Figure 3. Secretion of Human Argonaute and miRNA Biogenesis Machinery.

(A) Schematic of human miRNA biogenesis. Pri-miRNA is transcribed by RNA polymerase II and cropped by the Drosha/DGCR8 microprocessor complex to generate pre-miRNA. After export to the cytoplasm, Dicer cleaves the stem loop supported by TRBP. The miRNA/miRNA duplex is then loaded into Ago in an HSP90/HSC70-dependent manner. The miRNA duplex is unwound and the passenger strand is ejected. Ago and GW182 form the mature RISC complex necessary for gene silencing. Insert shows common proteins found in “GW bodies”, processing bodies and stress granules with * denoting proteins with increased abundance in conditions of cellular stress.

(B) Immunoblots of whole cell lysates, large EVs (P15) and crude small EVs (P120).

(C) Immunoblots of cell lysates from four colorectal cancers (CRC), adjacent normal and lymph node metastasis, and crude small EVs (P120) isolated from matched tissue/interstitial fluid (STAR Methods). N, normal; T, tumor; LM, lymph node metastasis.

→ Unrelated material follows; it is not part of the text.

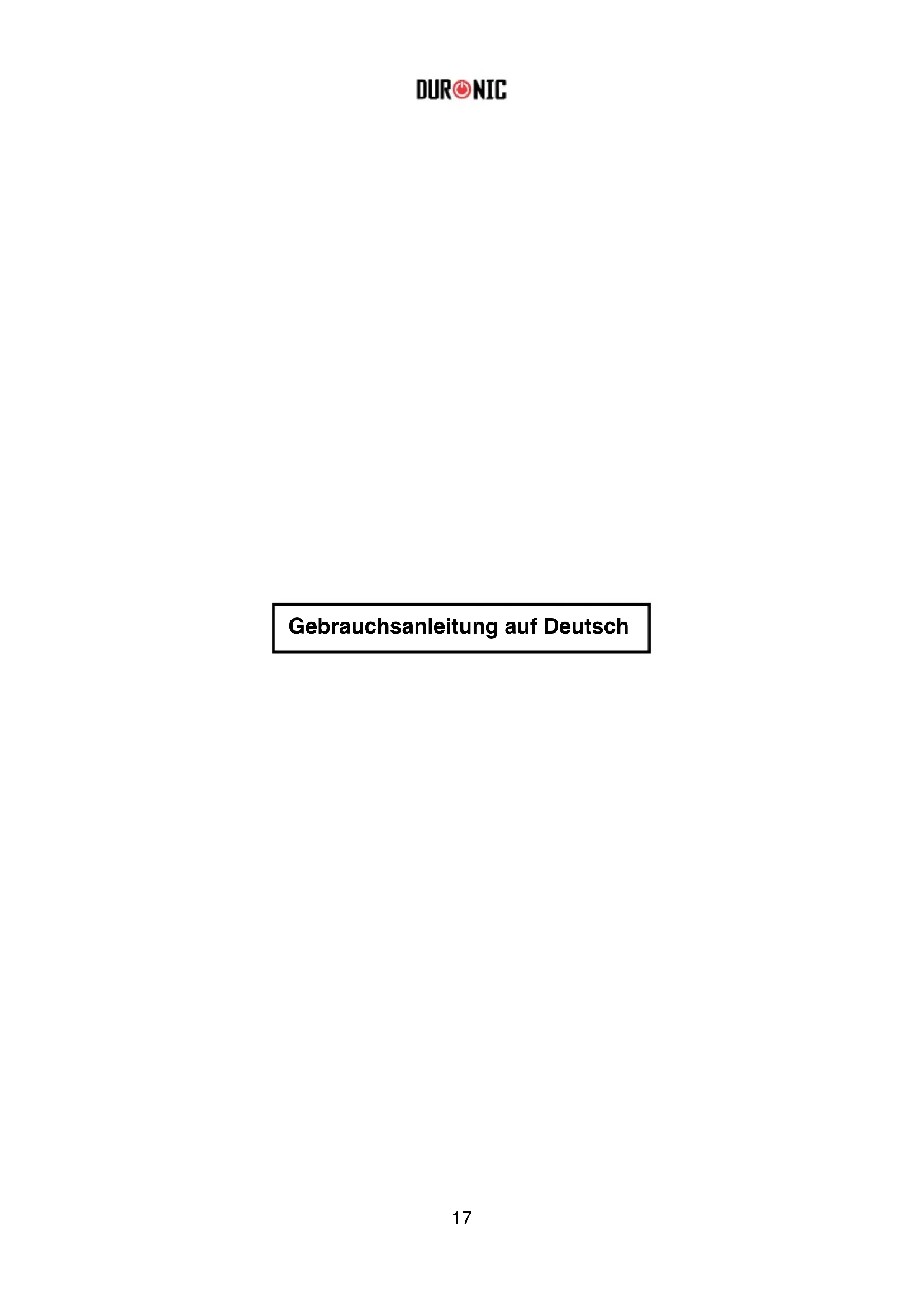 - Öffnen und reparieren Sie das Gerät niemals selbst. Modizieren Sie das Gerät nicht auf eine Weise, die nicht in den Gebrauchsanweisungen beschrieben ist. Das Gerät enthält lebendige Teile. Reparaturen dürfen nur von Duronic unter Verwendung von Originalersatzteilen und Zubehör durchgeführt werden.

(D) Immunoblots of high-resolution density gradient-purified sEV and NV samples isolated from plasma of three normal individuals (see Figure S3D).

(E) Immunoblots of high-resolution density gradient fractionation of crude small EVs (P120).

See also Figure S3.

Figure 4. Extracellular Release of RNA-Binding Protein and Vaults.

(A) Schematic illustration of the direct immunoaffinity capture (DIC) procedure. Magnetic beads directly conjugated to anti-CD63, anti-CD81, anti-CD9 antibodies or IgG were added directly to pre-cleared cell culture medium (STAR Methods) without prior ultracentrifugation or concentration. In parallel, conventional crude sEVs (P120) were prepared form the same pre-cleared cell culture medium.

(B-C) DIC of CD81-, CD63-and CD9-positive exosomes from (B) DKO-1 or (C) Gli36. Immunoblots of crude sEV pellet (P120) and bead-captured exosomes.

(D) Immunoblots of whole cell lysates, large EVs (P15) and crude small EVs (P120) obtained by ultracentrifugation.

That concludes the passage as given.